Fite’s insights, however, should not be an excuse. Despite the intentions of some good-hearted BLM and Forest Service staff, the operations of these agencies have been a disaster for life in the region.

In addition to providing essential historical research, Jacobs’ “The Waste of the West: Public Lands Ranching” is a comprehensive examination (602 text-book sized pages) of the physical impact of ranching on the lands comprising the Western United States.
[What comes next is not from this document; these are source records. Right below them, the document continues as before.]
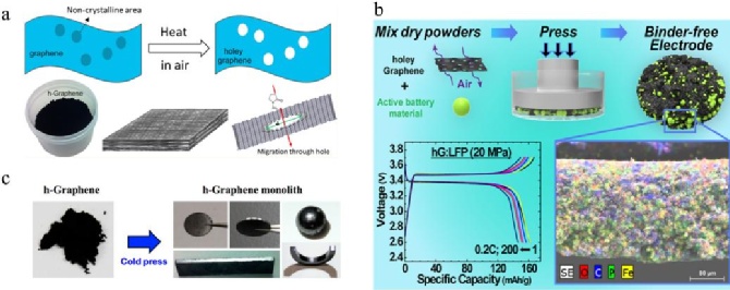 圖5. 基于可壓縮孔狀石墨烯的SF電極制造。(a) 孔狀石墨烯的合成及致密結(jié)構(gòu)的形成。(b) 借助可壓縮孔石墨烯,通過(guò)直接壓制制備LFP陰極。(c) 通過(guò)直接壓制制備不同形狀的石墨烯單片。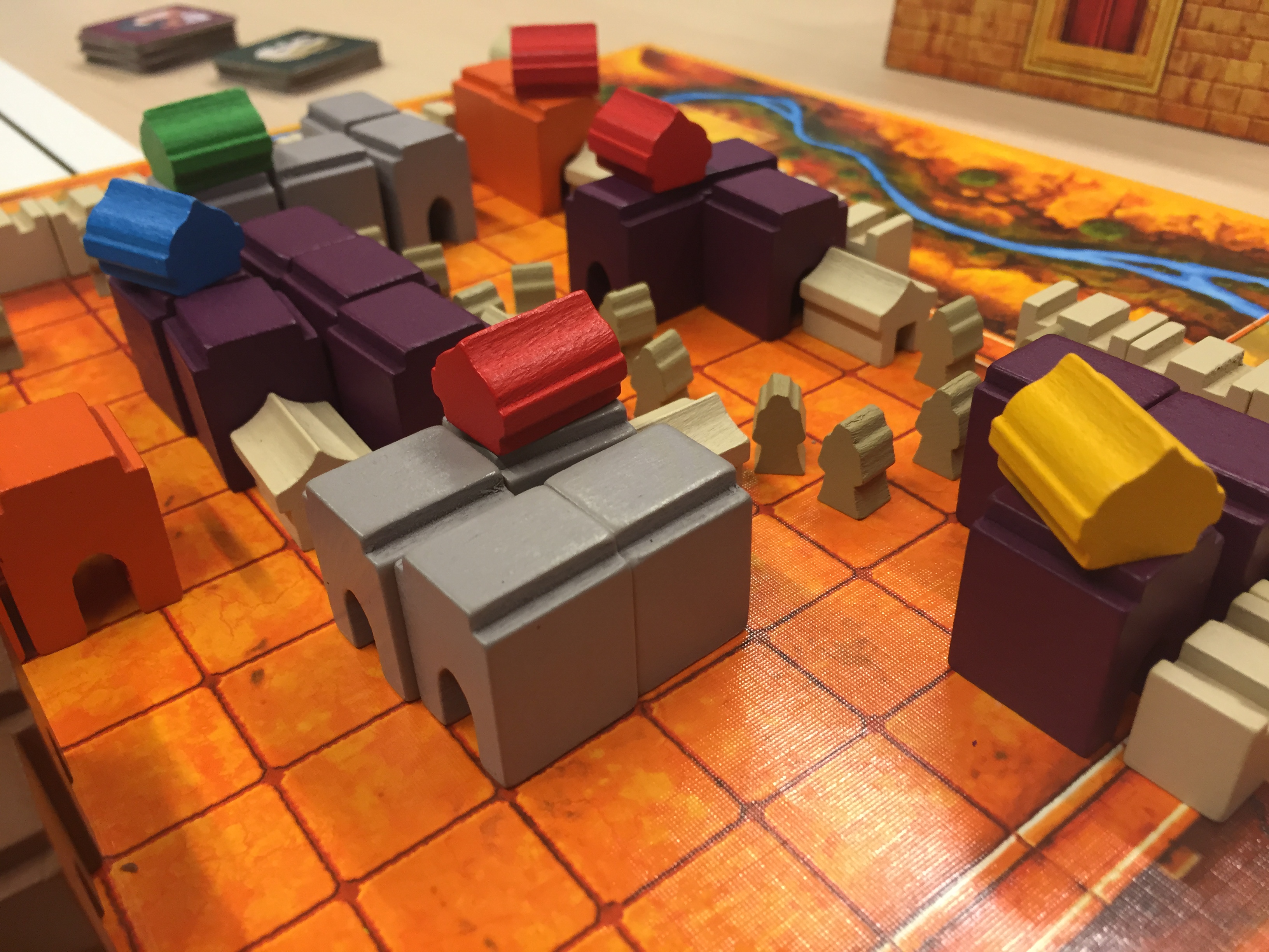 –Les bonus des tours s’accompagnent de marchands. Le premier à acquérir le bonus de la tour 1 reçoit 3 marchands, de la tour 2, 2 marchands et de la tour 3, 1 marchand. Ça rend les bonus des « petites » tours beaucoup plus attractifs et augmente la difficultés de vos choix.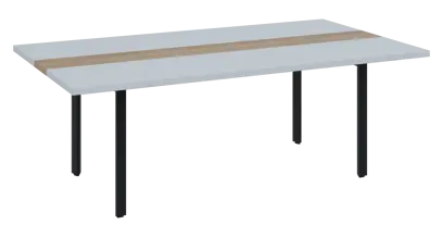 DOUBLE 221 pracovní stůl, kovová podnož černá, deska 36 mm, široký 2200 mm, bílá, vložená deska bříza světlá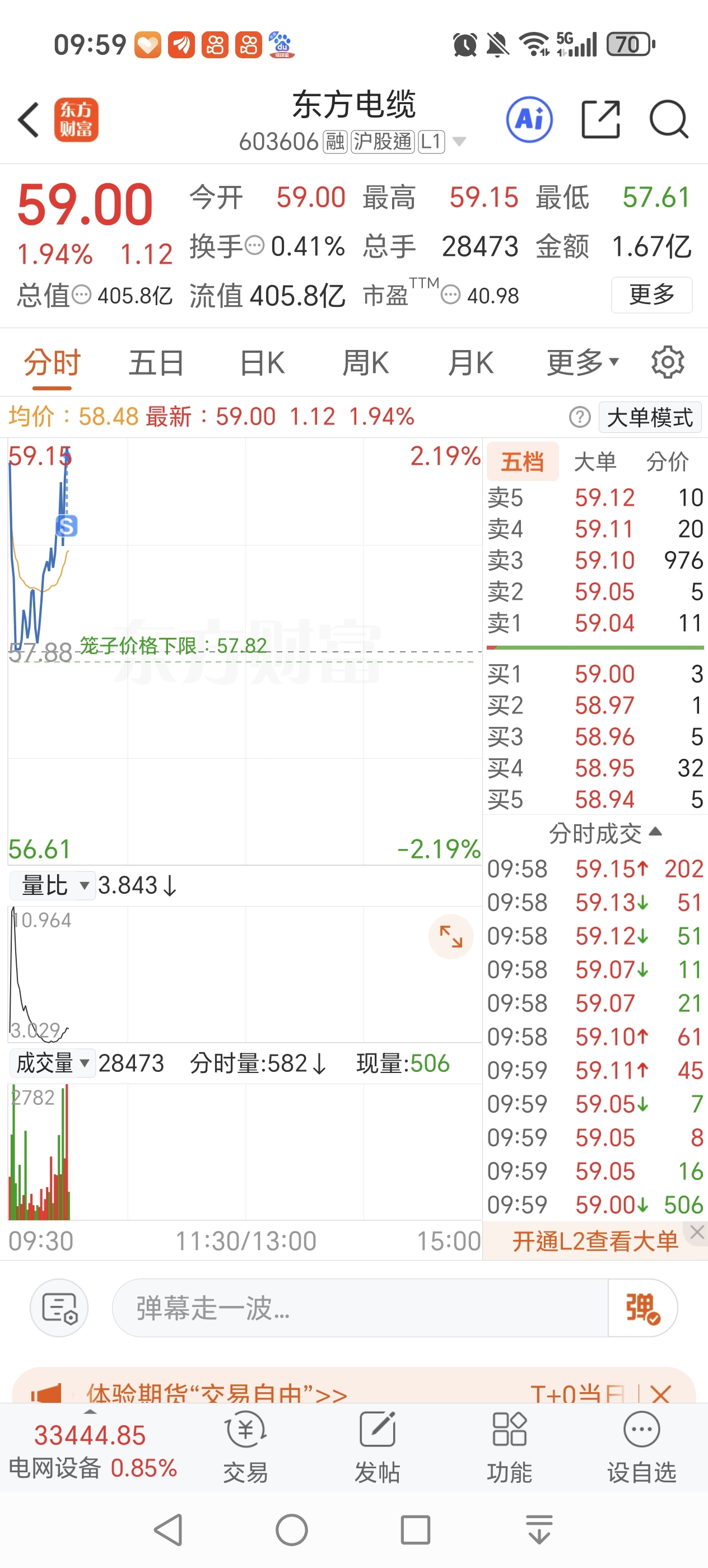 $东方电缆(SH603606)$ 卖飞了,大涨

Jacobs research on what ranching does to plants, soil, water, and animals in the West paints a grim picture.

“Western rangeland is losing topsoil, mostly due to ranching, at least 4 to 5 times faster than it’s being replaced.”

Jacobs begins by explaining that grass and small herbaceous plants that cows, sheep, and goats eat form the “plankton of the land.” These countless trillions of small plants form the base of the complex food web that supports all of life in the Great Basin. These plants provide oxygen to the atmosphere, nourishment to animals, and maintain soil, water, fire, and atmospheric dynamics. Tragically, according to Jacobs, “Livestock grazing has destroyed the plankton of the land in the Western United States—and around the globe—more extensively than has any other human pursuit.”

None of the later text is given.